Exercise description: Repeat exactly the lines of the material below that run from the "水着 キッズ 女の子 子供用" line to the "整車具有路面灑水、路面沖洗、" line, including both, and do not carry over any pictures.

[Supplied data Boundary: Start]

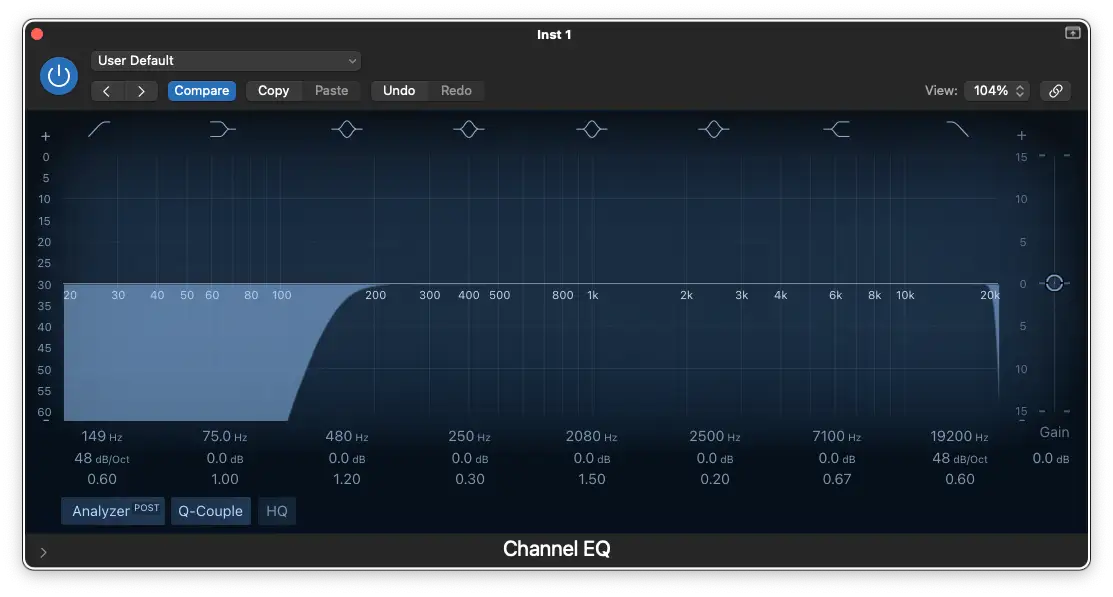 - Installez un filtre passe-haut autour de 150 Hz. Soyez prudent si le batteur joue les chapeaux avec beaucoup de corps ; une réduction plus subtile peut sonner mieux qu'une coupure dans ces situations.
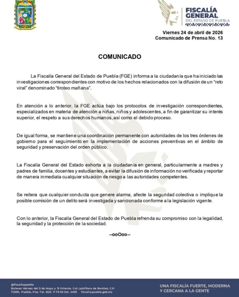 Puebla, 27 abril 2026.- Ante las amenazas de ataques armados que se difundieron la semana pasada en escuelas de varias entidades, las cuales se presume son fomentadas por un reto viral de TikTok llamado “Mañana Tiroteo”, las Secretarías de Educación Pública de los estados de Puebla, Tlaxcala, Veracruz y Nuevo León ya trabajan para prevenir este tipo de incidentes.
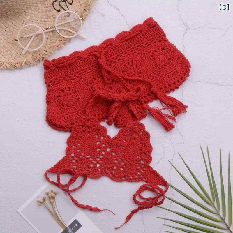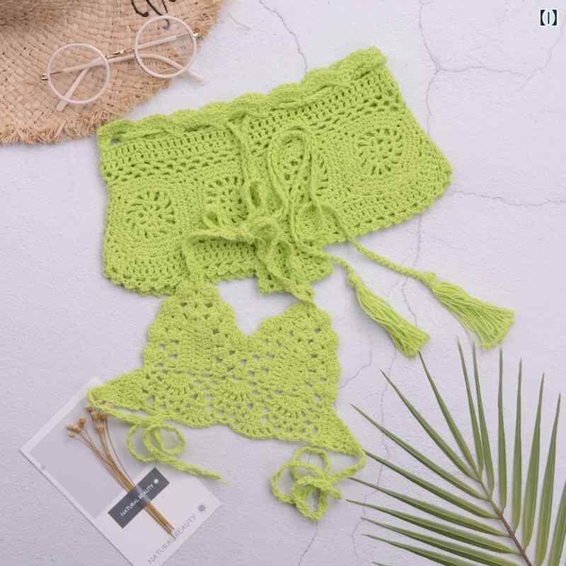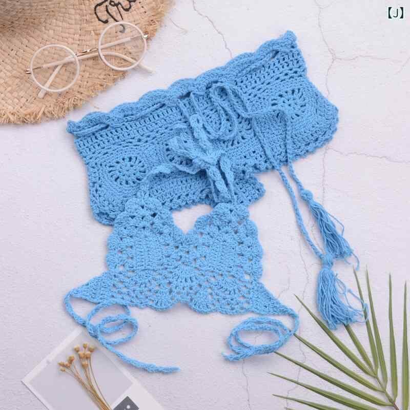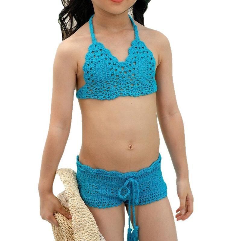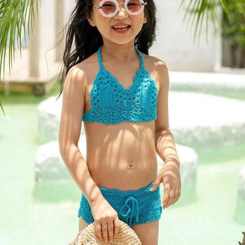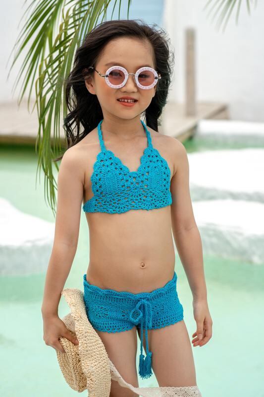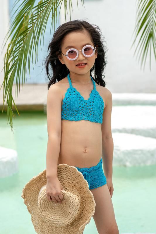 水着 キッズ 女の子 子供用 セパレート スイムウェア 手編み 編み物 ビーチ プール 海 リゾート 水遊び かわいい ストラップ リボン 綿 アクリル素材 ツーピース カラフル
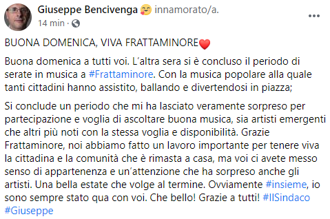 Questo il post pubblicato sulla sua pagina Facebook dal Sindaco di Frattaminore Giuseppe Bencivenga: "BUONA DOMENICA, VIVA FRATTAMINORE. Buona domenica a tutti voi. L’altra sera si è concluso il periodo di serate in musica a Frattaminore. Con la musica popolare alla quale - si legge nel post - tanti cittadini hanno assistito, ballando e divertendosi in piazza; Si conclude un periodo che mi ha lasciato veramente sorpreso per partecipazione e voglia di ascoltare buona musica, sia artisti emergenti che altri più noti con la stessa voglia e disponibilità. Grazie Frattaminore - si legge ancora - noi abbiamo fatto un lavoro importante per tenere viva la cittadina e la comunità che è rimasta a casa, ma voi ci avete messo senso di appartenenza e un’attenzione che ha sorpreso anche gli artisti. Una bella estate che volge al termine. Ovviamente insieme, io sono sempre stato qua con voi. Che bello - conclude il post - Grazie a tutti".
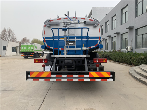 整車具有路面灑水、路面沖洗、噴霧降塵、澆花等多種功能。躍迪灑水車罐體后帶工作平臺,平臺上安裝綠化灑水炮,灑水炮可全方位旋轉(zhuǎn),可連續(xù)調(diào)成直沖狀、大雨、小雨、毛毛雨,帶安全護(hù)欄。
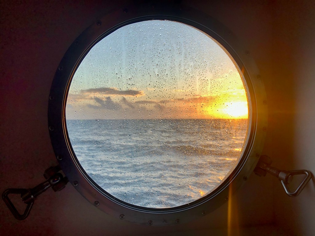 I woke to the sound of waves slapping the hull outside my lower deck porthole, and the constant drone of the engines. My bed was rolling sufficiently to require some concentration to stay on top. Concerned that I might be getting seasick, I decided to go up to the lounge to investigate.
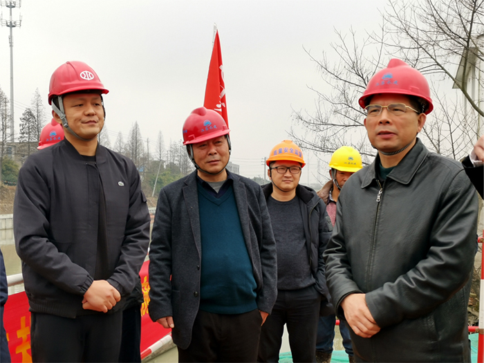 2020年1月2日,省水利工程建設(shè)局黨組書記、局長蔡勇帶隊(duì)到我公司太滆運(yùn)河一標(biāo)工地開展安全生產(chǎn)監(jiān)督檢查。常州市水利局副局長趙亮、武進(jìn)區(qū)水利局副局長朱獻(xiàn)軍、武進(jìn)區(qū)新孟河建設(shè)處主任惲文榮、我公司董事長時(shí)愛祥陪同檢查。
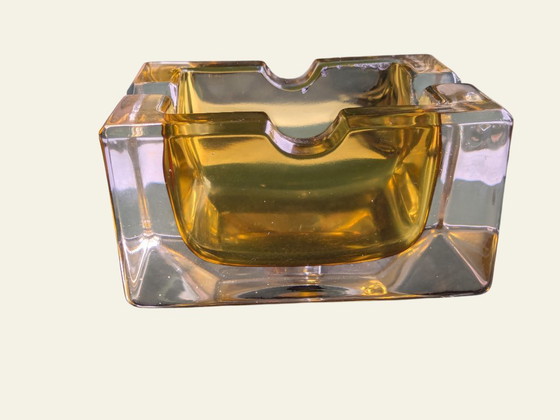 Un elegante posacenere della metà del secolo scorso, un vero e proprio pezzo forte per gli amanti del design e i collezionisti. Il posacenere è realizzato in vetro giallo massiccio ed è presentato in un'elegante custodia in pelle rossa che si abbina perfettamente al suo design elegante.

[Supplied data Boundary: End]
[Supplied data Boundary: Start]

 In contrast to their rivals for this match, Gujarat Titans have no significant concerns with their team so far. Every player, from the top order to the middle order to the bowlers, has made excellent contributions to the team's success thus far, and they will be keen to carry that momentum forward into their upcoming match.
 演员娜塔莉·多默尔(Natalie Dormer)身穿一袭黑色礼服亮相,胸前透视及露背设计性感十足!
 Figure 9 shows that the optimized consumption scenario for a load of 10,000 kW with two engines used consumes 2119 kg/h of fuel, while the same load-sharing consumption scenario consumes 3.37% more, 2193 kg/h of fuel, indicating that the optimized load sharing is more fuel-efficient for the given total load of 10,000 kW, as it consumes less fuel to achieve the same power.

[Supplied data Boundary: End]
[Supplied data Boundary: Start]

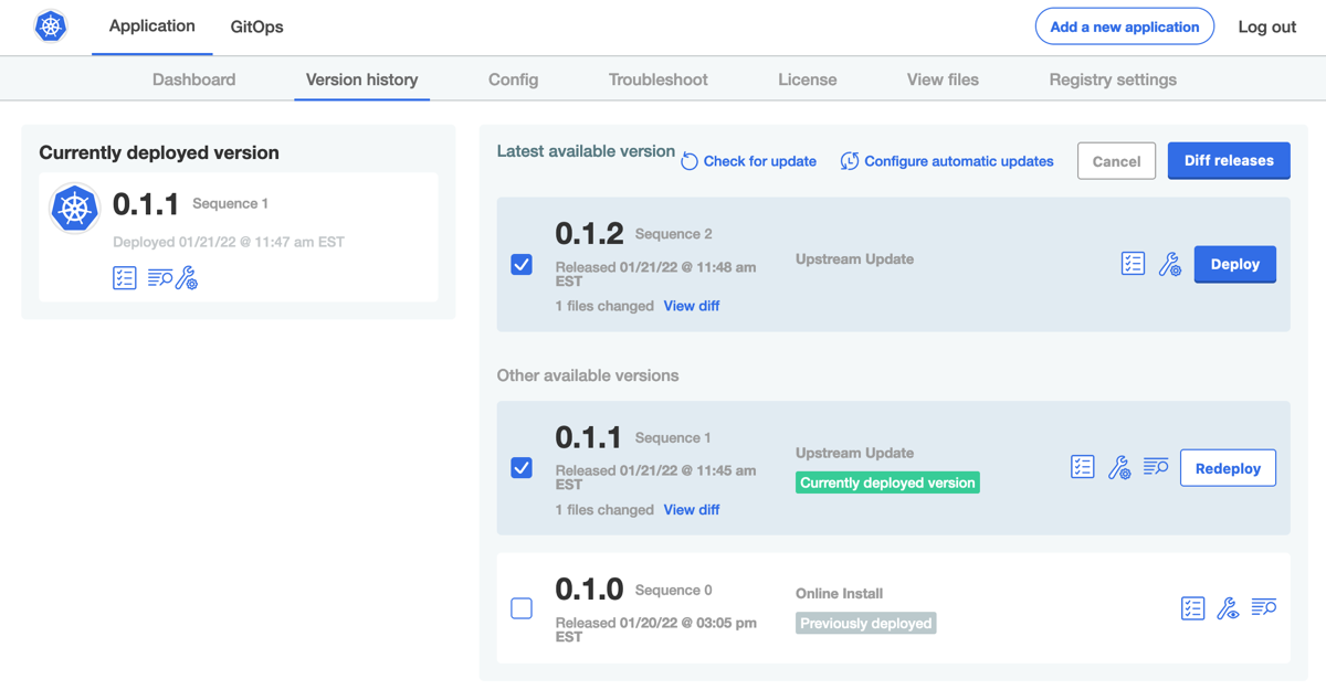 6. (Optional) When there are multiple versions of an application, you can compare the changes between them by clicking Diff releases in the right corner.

[Supplied data Boundary: End]

Exercise solution:
 水着 キッズ 女の子 子供用 セパレート スイムウェア 手編み 編み物 ビーチ プール 海 リゾート 水遊び かわいい ストラップ リボン 綿 アクリル素材 ツーピース カラフル
 Questo il post pubblicato sulla sua pagina Facebook dal Sindaco di Frattaminore Giuseppe Bencivenga: "BUONA DOMENICA, VIVA FRATTAMINORE. Buona domenica a tutti voi. L’altra sera si è concluso il periodo di serate in musica a Frattaminore. Con la musica popolare alla quale - si legge nel post - tanti cittadini hanno assistito, ballando e divertendosi in piazza; Si conclude un periodo che mi ha lasciato veramente sorpreso per partecipazione e voglia di ascoltare buona musica, sia artisti emergenti che altri più noti con la stessa voglia e disponibilità. Grazie Frattaminore - si legge ancora - noi abbiamo fatto un lavoro importante per tenere viva la cittadina e la comunità che è rimasta a casa, ma voi ci avete messo senso di appartenenza e un’attenzione che ha sorpreso anche gli artisti. Una bella estate che volge al termine. Ovviamente insieme, io sono sempre stato qua con voi. Che bello - conclude il post - Grazie a tutti".
 整車具有路面灑水、路面沖洗、噴霧降塵、澆花等多種功能。躍迪灑水車罐體后帶工作平臺,平臺上安裝綠化灑水炮,灑水炮可全方位旋轉(zhuǎn),可連續(xù)調(diào)成直沖狀、大雨、小雨、毛毛雨,帶安全護(hù)欄。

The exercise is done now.